In September 2013, President Jonathan formally handed over the Gencos and Discos to private investors for a total of $2.5 billion, as pundits projected that by 2015, electricity supply will be steady and stable. But alas!

The unduly optimistic analysts, with their rose coloured prism, predicted that privatised electricity companies would reduce the cost of production in Nigeria’s industry up to 40 per cent and also raise Gross Domestic Product by 3 per cent.

To seal the sales transactions, the Federal Government had to pay off the 14,000 workers of Power Holding Company of Nigeria with a $2.4 billion whopper, in addition to raising another $750 million Euro bond to improve and expand the capacity of the national grid which it retained through the Transmission Company of Nigeria.

When President Muhammadu Buhari was finally confronted with the reality of private electricity investors woefully failing to deliver as anticipated, he must have thrown up his hands when he realised that he couldn’t reverse the sales without repercussions.

He then lamented: “The privatisation (of Gencos and Discos) is a complex investment that the government cannot wake up to (unilaterally and wilfully) cancel the contracts (he probably meant the sales transactions), because there are consequences.”

President Buhari added in regret: “Privatisation (of the electricity sector) has not worked well, in the sense that what the government sought to achieve (10,000 megawatts daily supply) has not yet happened.” The situation probably got worse after the Gencos and Discos were sold to oligarchs who have no competence for the endeavour they undertook.

This probably explains Bill 33 of the Senate that is more positive in promoting a mix of Federal, States and private sources of supply of electricity to the masses of Nigeria. This idea must be from the rule book of Italian cynic, noble man and political strategist, Nicollo Machiavelli, who suggested the idea that the end always justifies the means.

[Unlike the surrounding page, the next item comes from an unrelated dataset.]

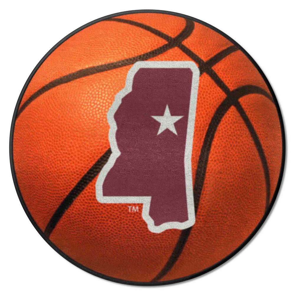 | Mississippi State Bulldogs Basketball Rug, State Logo - 27in. Diameter 9 Ounce, 100 % Nylon Face Recycled vinyl backing for a durable and longer-lasting product Machine made and tufted in the USA Non-skid backing with taped borders for added durability Machine washable; vacuum regularly and spot clean for any easy and quick clean Officially licensed and chromojet-printed in true team colors for vibrant, lasting color Mississippi State University in Mississippi |

President Buhari has admitted that both the Federal Government and the current private investors in the electricity sector may have to relinquish portions of their shareholdings in order to accommodate new private investors who would probably be better equipped financially and technically to achieve the desired results in that industry.

Bill 33 must be affirmed by the House of Representatives because the current template of the Federal Government and the private sector doesn’t seem to be working. It’s time to review the template that is not working.